DENISE COTE, District Judge:

This bankruptcy appeal arises out of the financial collapse of the Metaldyne Corpo *622 ration (“Metaldyne”), a metal components manufacturer and parts supplier for the global light vehicle market. MD Investors Corporation (“MDI”), an investment vehicle formed by two hedge funds that were also prepetition term lenders, purchased substantially all of Metaldyne’s assets in an auction. Another prepetition term lender, BDC Finance L.L.C. (“Black Diamond”), appeals from the order approving the sale of Metaldyne’s assets to MDI “free and clear of all liens, claims, encumbrances, and other interests of any kind or nature” (“Sale Order”), entered on August 12, 2009 by United States Bankruptcy Judge for the Southern District of New York Martin Glenn. For the following reasons, the Sale Order is affirmed.

BACKGROUND

The debtors in this action are Metaldyne and Metaldyne Intermediate Holdco, Inc. (collectively “Debtors”). Black Diamond held approximately $3.5 million of the $425 million in outstanding secured debt issued by Debtors.

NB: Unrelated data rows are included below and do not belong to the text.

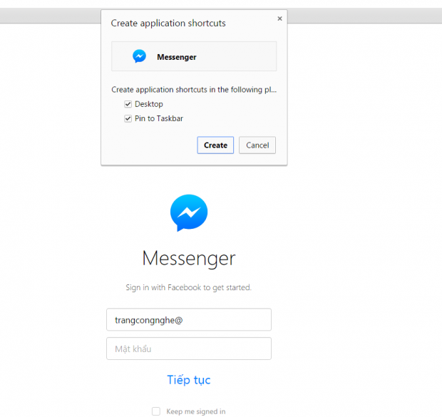 Mới đây Facebook đã ra mắt phiên bản Messenger phiên bản web để người sử dụng dễ dàng trò chuyện cùng bạn bè, để sử dụng bạn cần mở trình duyệt và truy cập địa chỉ Messenger.com và bắt đầu chat. để thuận tiện hơn khi trò chuyện cùng bạn bè, Trang Công Nghệ sẽ hướng dẫn bạn tạo app Facebook Messenger cho máy tính một cách đơn giản, bạn có thể dễ dàng minimize cửa sổ Messenger xuống mà không gây ảnh hưởng đến các tab khác, cũng không bị các thanh công cụ hay thanh địa chỉ làm phiền.
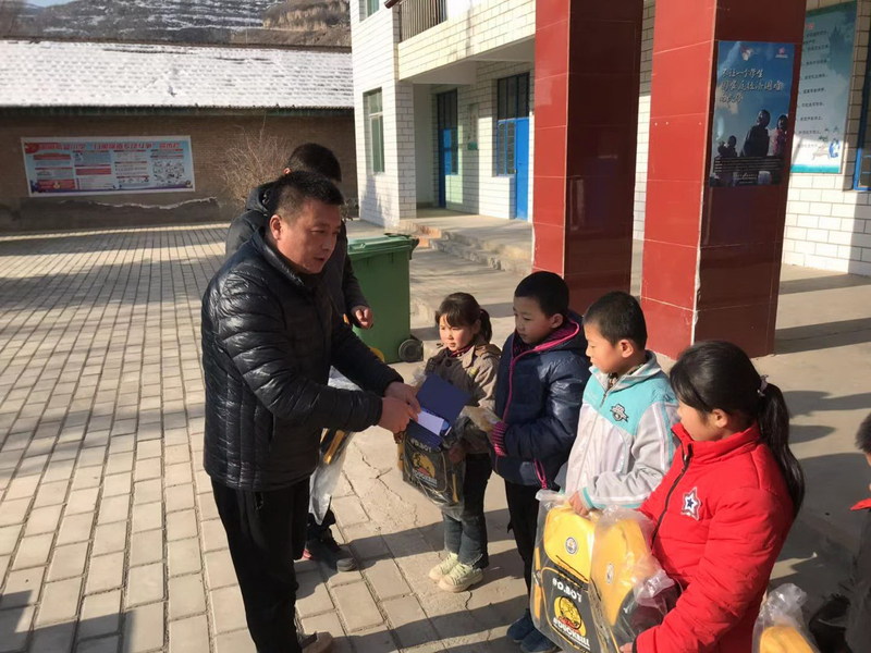 12月28日上午,郭家岔村驻村工作队第一书记、经济管理学院副院长赵宁、包村领导吴文军和正刚希望小学校长李兴伟老师将元旦礼物送至了可爱的小朋友们手中。小朋友们对于这份元旦礼物都很喜欢,吴文军同志和李兴伟老师代表孩子们以在线形式表达了对联系老师和学生党员的感谢,同时希望能增进联系,使得学生党员能在小朋友们的成长道路上更好地进行帮助和鼓励。
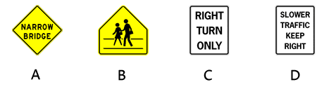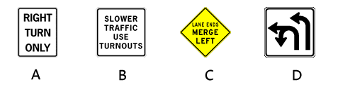 小汽车理论考试 小汽车模拟考试 题库共有300+题,每次随机刷新36题, 年满 18 岁,答对30道题以上以上即为通过。 updated 01/17/2026 1 / 36 绿灯时你接近一个十字路口,此时路口内已经被拥堵的车流阻塞了,你该怎么办 不停的鸣笛以催促那些车辆快点离开路口。 原地将车辆掉头,离开这里。 在阻塞消失前,不要驶入路口。 继续前进驶入路口,这样当红灯亮起时你就有优先权了。 2 / 36 多人共乘车专用车道由菱形标记表示,什么情况下你可以使用该专用车道呢? 仅在超车时才可以使用该车道。 只有公交车或校巴才可以使用该车道。 只有在周末时才可以使用该车道。 当车内所载乘客的人数达到专用车道标志上所标明的最低人数即可。 3 / 36 下列有关「酒精」和「驾驶」的描述中,哪一个是正确的? 如果你在喝酒后还可以沿直线行走,就表示你可以安全驾驶。 酒精会影响你的判断力和自制力。 少量的喝啤酒不会影响驾驶。 如果你血液中的酒精浓度符合法律规定,就不会影响安全驾驶。 4 / 36 雨天时路面湿滑,这种情况下驾驶者应该注意什么?: 不要和前车保持太远的距离。 注意更换老旧的轮胎,避免抓地力不够。 不时的鸣笛提醒路旁的行人小心。 尽量不要急转弯和急刹车。 5 / 36 为什么在开车时应该尽量向远方瞭望? 因为这样有助于司机缓解眼睛的疲劳。 因为这是美国加州的法律规定。 因为这样有助于司机提早发现危及驾驶安全的隐患。 因为这样就不用看车辆两边的侧视镜了。 6 / 36 作为一个年满21周岁的司机来说,你体内的酒精含量不能超过多少? 0.80% 0.05% 0.08% 0.10% 7 / 36 什么情况下你可以跨越道路中央的双线进行超车? 任何时候都不能这么做。 两条白色实线的时候。 靠近你这一侧是黄色实线的时候。 靠近你这一侧是虚线的时候。 8 / 36 在转弯时为什么要格外小心摩托车? 因为它们经常切换车道。 因为它们速度太快。 因为它们体积小且难以发现。 因为它们享有优先转弯的特权。 9 / 36 如果一名年满21周岁的驾驶者被查出血液中的酒精浓度(BAC)达到 ____ 以上时,将面临违法的指控。 0.01% 0.10% 0.05% 0.08% 10 / 36 在驶入高速公路时,应该如何查看交通情况? 查看车内和车外的后视镜,并回头查看车流状况。 转头过肩向后看。 将注意力集中在正前方的路况上。 只需查看车内后视镜。 11 / 36 当你开车接近铁路道口时发现安全栅栏正在缓缓落下,而此时火车距离道口还很远。正确的做法是: 很明显是安全栅栏失灵了,应该联系工作人员修理。 左右瞭望,确认安全的情况下可以冲过栅栏穿越铁路。 停车等候,绝不能穿越栅栏。 加速前进,在栅栏落下前通过路口。 12 / 36 在下列何种情况下,你应该与前面的车辆保持更大的距离: 后面有一辆车紧跟著你。 前面的车是小型机动车。 前面的车行驶的很慢。 前面的车是大型货车。 13 / 36 驾驶中如果看到发生了车祸,请不要减速观看,因为这样会导致: 刹车失灵。 车上的乘客感觉不适。 交通阻塞。 汽车尾气排放超标。 14 / 36 开车时,什么情况下一个未满4岁或体重不足40磅的小孩必须被安置在安全座椅中? 只有在夜间行驶时。 没有特定情况,完全由家长决定。 只有在高速公路上行驶时。 任何时候都必须这样做。 15 / 36 根据加州的法律,在你卖车之后的5天内必须通知哪一个机构? 你的保险公司 你的私人律师 你的贷款银行 机动车辆管理局(DMV) 16 / 36 如果一个路口处没有人行横道线或停车线,则遇到红灯时你应该如何停车? 在路口前停车即可。 不用停车。 在距离路口二十英尺(约6米)处停车。 停在路口中央。 17 / 36 下面的哪一个标志告诉你前面有窄桥? C D A B 18 / 36 下面的哪一个标志告诉你做好停车的准备。 A C B D 19 / 36 下列陈述中的哪一个是正确的? 加州的公路上是没有最低时速限制的。 加州法律规定,凌晨5点钟至7点钟之间禁止大型货车驶入高速公路。 超车时如果车速过快会被罚款。 车速越快就越难控制。 20 / 36 除非有特殊情况,否则如果一辆车的行驶速度太慢,以至于影响到正常交通,那么这种行为是: 合法的,但仅限于在市郊的公路上。 违法的。 驾驶者的权利。 合法的,但建议不要这样做。 21 / 36 你跟在一辆车的后面行驶,此时忽然天降大雨,你应该如何控制与前车的距离? 与前车的距离保持并遵守「2秒原则」。 缩小与前车的距离。 加大与前车的距离。 跟车保持一个车身的距离。 22 / 36 当你驾车来到一个十字路口时,发现信号灯坏了;此时应该怎么办? 先减速,如有必要再停车。 先停车,然后确认安全后再继续行驶。 如果有其他车辆时才需要停车。 保持现有车速继续行驶。 23 / 36 根据加州法律,在酷热天气里将6岁(含6岁)以下的儿童留在车中且无人看护属于违法行为。这是真的吗? 是真的,即便儿童由一名12岁(含12岁)以上者照看也不行。 不是真的,因为加州的气候常年炎热,所以根本不会有这样的法律。 是真的,即使儿童巳经被妥善的安置在儿童安全座椅上。 不是真的,只要父母将车钥匙留在车中就不构成违法。 24 / 36 关于「让行其他车辆」这件事,下列叙述中的哪一个是正确的? 仅在有监控摄像头的路口才需要这样做。 永远不要这么做,因为这会使其他驾驶者感到困惑。 任何时候,只要有助于避免交通事故的发生。 仅在有警察在场的时候才需要这样做。 25 / 36 驾驶中如果需要切换车道时,为了确保安

Black Diamond grounds its challenge to the Sale Order in two principal arguments. It contends that the bankruptcy court erred in concluding that: (1) Black Diamond had consented to the sale through the prepetition loan documents; and (2) § 363 of the Bankruptcy Code permitted the court to force a secured lender to accept an equity interest in exchange for liens in unsold collateral. On this basis, it seeks to revise a crucial term of the sale. The chronology of Metaldyne’s bankruptcy and relevant proceedings are summarized here.

1. Auction

Metaldyne filed for bankruptcy on May 27, 2009. At the time, its lenders (the “Term Lenders”) held approximately $425 million in secured claims (the “Prepetition Debt”).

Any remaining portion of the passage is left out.